**REQUIRED ACTION**
Lines to restate from the data below: from the one containing "知识建设社区是一个重要的教学" to the one containing "10月10日,由云南省人力资", both included. Give them again exactly, and only them.

**SUPPLIED RECORDS**
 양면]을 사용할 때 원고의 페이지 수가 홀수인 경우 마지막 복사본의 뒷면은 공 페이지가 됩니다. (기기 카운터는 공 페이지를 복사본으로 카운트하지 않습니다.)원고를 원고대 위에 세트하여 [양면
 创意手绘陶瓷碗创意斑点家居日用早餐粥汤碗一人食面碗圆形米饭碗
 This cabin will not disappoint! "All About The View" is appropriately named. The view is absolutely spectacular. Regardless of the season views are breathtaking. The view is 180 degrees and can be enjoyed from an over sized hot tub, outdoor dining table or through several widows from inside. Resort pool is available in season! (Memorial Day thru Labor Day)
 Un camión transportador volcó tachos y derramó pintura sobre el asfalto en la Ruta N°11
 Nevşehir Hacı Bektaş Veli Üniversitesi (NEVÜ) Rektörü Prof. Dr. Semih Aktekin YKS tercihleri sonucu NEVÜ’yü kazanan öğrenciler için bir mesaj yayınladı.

* * *

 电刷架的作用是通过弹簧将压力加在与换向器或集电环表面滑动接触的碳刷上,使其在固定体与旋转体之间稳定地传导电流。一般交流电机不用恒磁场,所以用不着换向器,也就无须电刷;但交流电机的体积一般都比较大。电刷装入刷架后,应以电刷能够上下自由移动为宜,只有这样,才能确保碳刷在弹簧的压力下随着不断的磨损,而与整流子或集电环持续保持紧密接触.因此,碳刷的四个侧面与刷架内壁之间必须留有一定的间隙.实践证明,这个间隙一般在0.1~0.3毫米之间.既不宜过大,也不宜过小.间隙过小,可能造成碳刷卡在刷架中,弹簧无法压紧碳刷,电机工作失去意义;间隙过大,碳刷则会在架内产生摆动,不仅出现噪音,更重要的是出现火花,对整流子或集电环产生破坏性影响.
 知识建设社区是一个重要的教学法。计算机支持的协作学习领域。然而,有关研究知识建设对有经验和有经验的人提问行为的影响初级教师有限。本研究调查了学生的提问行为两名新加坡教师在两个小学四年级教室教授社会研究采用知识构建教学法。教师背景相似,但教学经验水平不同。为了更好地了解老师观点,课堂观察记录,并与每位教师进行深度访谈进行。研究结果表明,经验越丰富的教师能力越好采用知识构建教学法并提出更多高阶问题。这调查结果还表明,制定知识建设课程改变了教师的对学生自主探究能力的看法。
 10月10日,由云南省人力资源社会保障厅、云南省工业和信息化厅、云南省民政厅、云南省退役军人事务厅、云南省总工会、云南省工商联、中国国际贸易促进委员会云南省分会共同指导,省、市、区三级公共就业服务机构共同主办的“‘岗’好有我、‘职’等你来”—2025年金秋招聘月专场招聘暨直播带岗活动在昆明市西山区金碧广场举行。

**ANSWER BELOW**
 知识建设社区是一个重要的教学法。计算机支持的协作学习领域。然而,有关研究知识建设对有经验和有经验的人提问行为的影响初级教师有限。本研究调查了学生的提问行为两名新加坡教师在两个小学四年级教室教授社会研究采用知识构建教学法。教师背景相似,但教学经验水平不同。为了更好地了解老师观点,课堂观察记录,并与每位教师进行深度访谈进行。研究结果表明,经验越丰富的教师能力越好采用知识构建教学法并提出更多高阶问题。这调查结果还表明,制定知识建设课程改变了教师的对学生自主探究能力的看法。
 10月10日,由云南省人力资源社会保障厅、云南省工业和信息化厅、云南省民政厅、云南省退役军人事务厅、云南省总工会、云南省工商联、中国国际贸易促进委员会云南省分会共同指导,省、市、区三级公共就业服务机构共同主办的“‘岗’好有我、‘职’等你来”—2025年金秋招聘月专场招聘暨直播带岗活动在昆明市西山区金碧广场举行。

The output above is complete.